What to produce »
Omit any pictures, and restate word for word only the lines from the one with "免責(zé)聲明:本網(wǎ" through the end of the data below.
[[ Data extract, beginning ]]
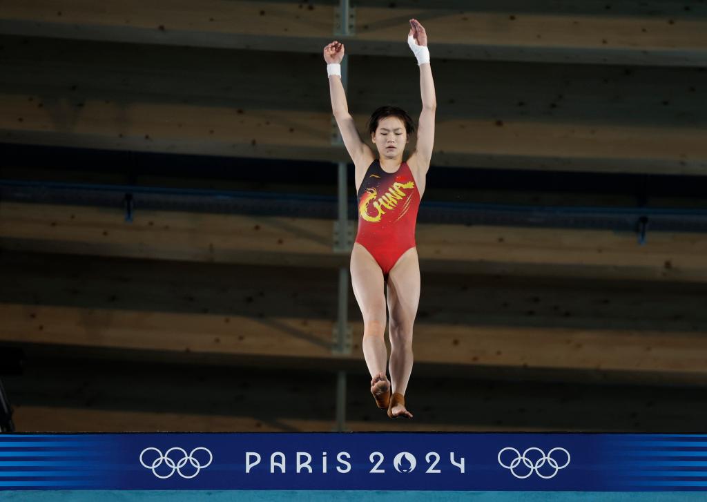 8月5日,中國選手全紅嬋在巴黎奧運會跳水女子10米臺半決賽中。新華社記者 張玉薇 攝
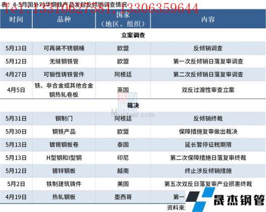 免責(zé)聲明:本網(wǎng)站(山東聊城晟杰無縫鋼管廠m.cuirutang.cn)刊載的“4-5月國外對華鋼鐵產(chǎn)品發(fā)起反傾銷調(diào)查情況”等均源于網(wǎng)絡(luò),版權(quán)歸原作者所有,且僅代表原作者觀點(diǎn),本文所載信息僅供參考。轉(zhuǎn)載僅為學(xué)習(xí)與交流之目的,如無意中侵犯您的合法權(quán)益,請及時(shí)聯(lián)系刪除。本網(wǎng)站刊登此篇文章并不意味著本站贊同其觀點(diǎn)或證實(shí)其內(nèi)容的真實(shí)性,我們不對其科學(xué)性、嚴(yán)肅性等作任何形式的保證。如果侵犯了您的版權(quán),請盡快聯(lián)系我們予以撤銷,謝謝合作!
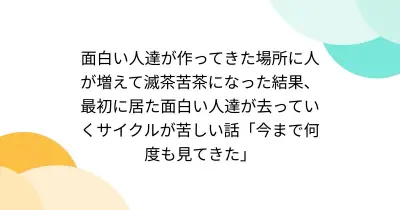 面白い人達が作ってきた場所に人が増えて滅茶苦茶になった結果、最初に居た面白い人達が去っていくサイクルが苦しい話「今まで何度も見てきた」
[[ Data extract, end ]]
The answer »
 免責(zé)聲明:本網(wǎng)站(山東聊城晟杰無縫鋼管廠m.cuirutang.cn)刊載的“4-5月國外對華鋼鐵產(chǎn)品發(fā)起反傾銷調(diào)查情況”等均源于網(wǎng)絡(luò),版權(quán)歸原作者所有,且僅代表原作者觀點(diǎn),本文所載信息僅供參考。轉(zhuǎn)載僅為學(xué)習(xí)與交流之目的,如無意中侵犯您的合法權(quán)益,請及時(shí)聯(lián)系刪除。本網(wǎng)站刊登此篇文章并不意味著本站贊同其觀點(diǎn)或證實(shí)其內(nèi)容的真實(shí)性,我們不對其科學(xué)性、嚴(yán)肅性等作任何形式的保證。如果侵犯了您的版權(quán),請盡快聯(lián)系我們予以撤銷,謝謝合作!
 面白い人達が作ってきた場所に人が増えて滅茶苦茶になった結果、最初に居た面白い人達が去っていくサイクルが苦しい話「今まで何度も見てきた」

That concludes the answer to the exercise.